The United States and Great Britain have social welfare systems that just keep getting bigger regardless of which particular political parties are in power.

Social scientists have coined the term "underclass" to describe a form of poverty explained more by self-destructive behavior - crime, drug abuse, bearing children out of wedlock and a lack of commitment to education - than mere material want.
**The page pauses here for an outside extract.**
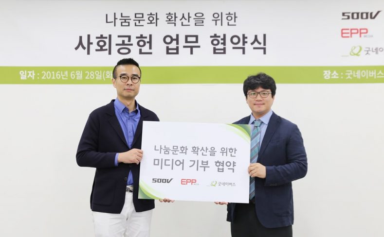 오백볼트의 자회사 이피피미디어가 보유한 서울 지하철 1, 3, 4호선 승강장 행선안내기인 SUB-TV(총 70개 역사에 1,299개 설치)에 굿네이버스의 다양한 활동을 담은 홍보영상을 송출, 지원하는 것이 협약의 주된 골자다.

In both countries the welfare state has encouraged the growth of this underclass.

  • The portion of the United Kingdom's gross domestic product devoted to welfare was 24% in 1991, up from 21.3% in both 1980 and 1989.

  • In the U.S., the figures were 14.1% in 1980 and 14.6% by 1990.

The U.K.-U.S. comparison is clearer when the focus is solely on non-medical spending on the non-elderly.

  • In Britain, spending rose from 7% to 8.1% of GDP between 1980 and 1991.

  • In the U.S., it fell from 4.5% to 3.5% in 1990.

Although the Conservative Party has been in power in Britain since 1979, welfare benefits have continued to expand.

  • British households received the equivalent of $136.1 billion in welfare benefits in 1993, up from $64.5 billion in 1984 (not including hospital insurance).

  • The rate of increase from 1989 to 1993 was 50%, compared to roughly 30% from 1984 to 1989.

  • Meanwhile, out-of-wedlock births tripled from about 10% in 1977 to 31% in 1992.

In both Britain and America, there are very media-conscious welfare lobbies which have promoted the notion that both Margaret Thatcher and Ronald Reagan slashed away at benefits to the poor. But the facts do not bear this out.